Dopo i ballottaggi che hanno dato ragione alla destra e scacco matto al PD, il clima politico si è ancor più avvelenato.
La polarizzazione si è appesantita più di quanto già non fosse ed ha assunto una intonazione rabbiosa. Si direbbe un livore sottaciuto sempre più a fatica, incline all’ invettiva, perfino irridente, dall’ una e dall’altra parte. Se le danno di santa ragione e la destra si comporta come se volesse infliggere il KO definitivo ad un avversario che, stretto all’ angolo, cerca fortunosamente di proteggersi almeno il viso.

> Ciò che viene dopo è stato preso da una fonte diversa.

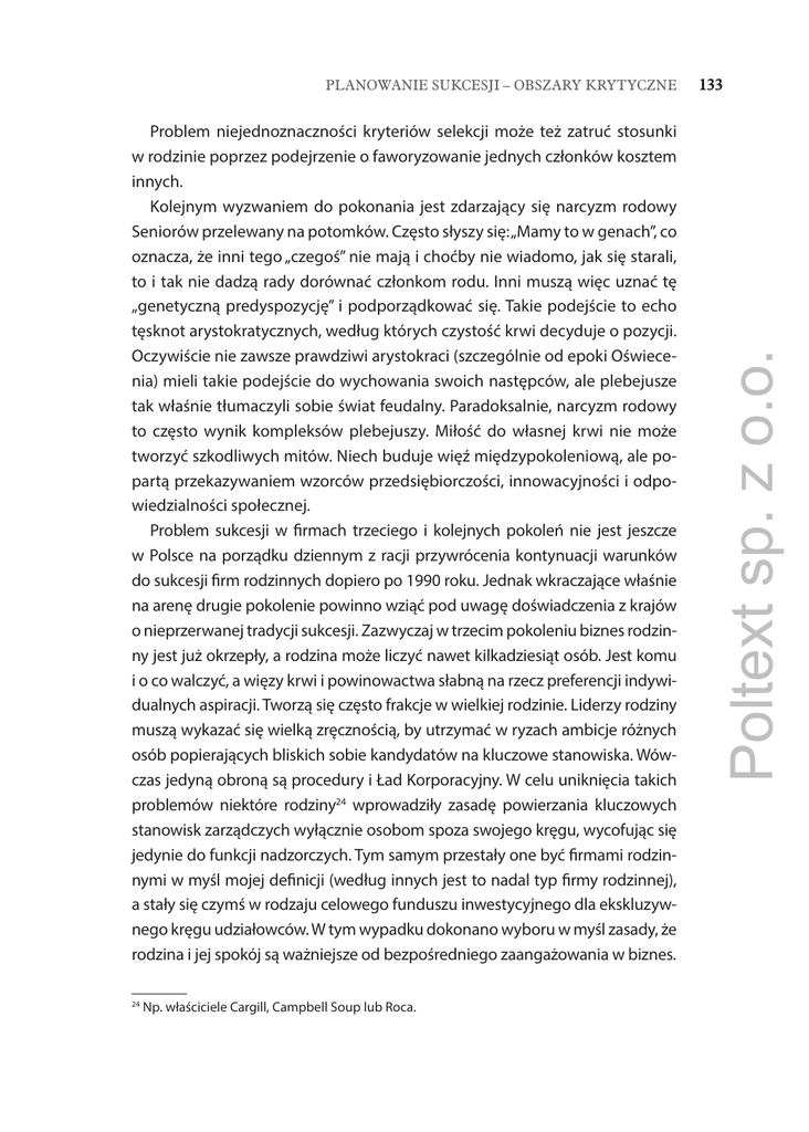Problem niejednoznaczności kryteriów selekcji może też zatruć stosunki w rodzinie poprzez podejrzenie o faworyzowanie jednych członków kosztem innych. Kolejnym wyzwaniem do pokonania jest zdarzający się narcyzm rodowy Seniorów przelewany na potomków. Często słyszy się: „Mamy to w genach”, co oznacza, że inni tego „czegoś” nie mają i choćby nie wiadomo, jak się starali, to i tak nie dadzą rady dorównać członkom rodu. Inni muszą więc uznać tę „genetyczną predyspozycję” i podporządkować się. Takie podejście to echo tęsknot arystokratycznych, według których czystość krwi decyduje o pozycji. Oczywiście nie zawsze prawdziwi arystokraci (szczególnie od epoki Oświecenia) mieli takie podejście do wychowania swoich następców, ale plebejusze tak właśnie tłumaczyli sobie świat feudalny. Paradoksalnie, narcyzm rodowy to często wynik kompleksów plebejuszy. Miłość do własnej krwi nie może tworzyć szkodliwych mitów. Niech buduje więź międzypokoleniową, ale popartą przekazywaniem wzorców przedsiębiorczości, innowacyjności i odpowiedzialności społecznej. Problem sukcesji w firmach trzeciego i kolejnych pokoleń nie jest jeszcze w Polsce na porządku dziennym z racji przywrócenia kontynuacji warunków do sukcesji firm rodzinnych dopiero po 1990 roku. Jednak wkraczające właśnie na arenę drugie pokolenie powinno wziąć pod uwagę doświadczenia z krajów o nieprzerwanej tradycji sukcesji. Zazwyczaj w trzecim pokoleniu biznes rodzinny jest już okrzepły, a rodzina może liczyć nawet kilkadziesiąt osób. Jest komu i o co walczyć, a więzy krwi i powinowactwa słabną na rzecz preferencji indywidualnych aspiracji. Tworzą się często frakcje w wielkiej rodzinie. Liderzy rodziny muszą wykazać się wielką zręcznością, by utrzymać w ryzach ambicje różnych osób popierających bliskich sobie kandydatów na kluczowe stanowiska. Wówczas jedyną obroną są procedury i Ład Korporacyjny. W celu uniknięcia takich problemów niektóre rodziny24 wprowadziły zasadę powierzania kluczowych stanowisk zarządczych wyłącznie osobom spoza swojego kręgu, wycofując się jedynie do funkcji nadzorczych. Tym samym przestały one być firmami rodzinnymi w myśl mojej definicji (według innych jest to nadal typ firmy rodzinnej), a stały się czymś w rodzaju celowego funduszu inwestycyjnego dla ekskluzywnego kręgu udziałowców. W tym wypadku dokonano wyboru w myśl zasady, że rodzina i jej spokój są ważniejsze od bezpośredniego zaangażowania w biznes. 24 Np. właściciele Cargill, Campbell Soup lub Roca. 133 Poltext sp. z o.o. PLANOWANIE SUKCESJI – OBSZARY KRYTYCZNE

Le vestali che, a suo tempo, hanno levato al cielo il loro dolente lamento contro quella pratica immonda che andava sotto il nome di “consociativismo” – esercizio non sempre nobilissimo, ma comunque ispirato ad un dialogo tra le parti che si riconoscevano una reciproca legittimazione – dovrebbero insorgere di fronte alla devastante condizione di arroccamento pregiudiziale e di incomunicabilità tra i due poli della destra e della sinistra. Arroccamento “necessario”, che sta, cioè, per forza, nell’ordine delle cose, dato che si è instaurata una logica nemico/amico, tale per cui la sopravvivenza dell’ uno è garantita solo dalla soppressione dell’ altro.

Si approfondisce nel Paese un solco di cui francamente non abbiamo bisogno. Anche tra i cultori dell’ una e dell’altra parte, osservatori e giornalisti stabilmente arruolati di qua o di là comincia a comparire, nei talk-show, una reciproca intolleranza che talvolta già cede ad un linguaggio, si potrebbe dire, di trattenuta violenza.

Si discute, in questi giorni, delle scelte della destra, ispirate ad un vero o presunto autoritarismo. Il quale, per la verità, almeno fin qui – lo deve riconoscere anche chi non ha nulla, ma esattamente nulla da condividere con la destra – non ha ancora dato prove palesi di aver invaso proditoriamente il campo delle regole costituzionali e democratiche.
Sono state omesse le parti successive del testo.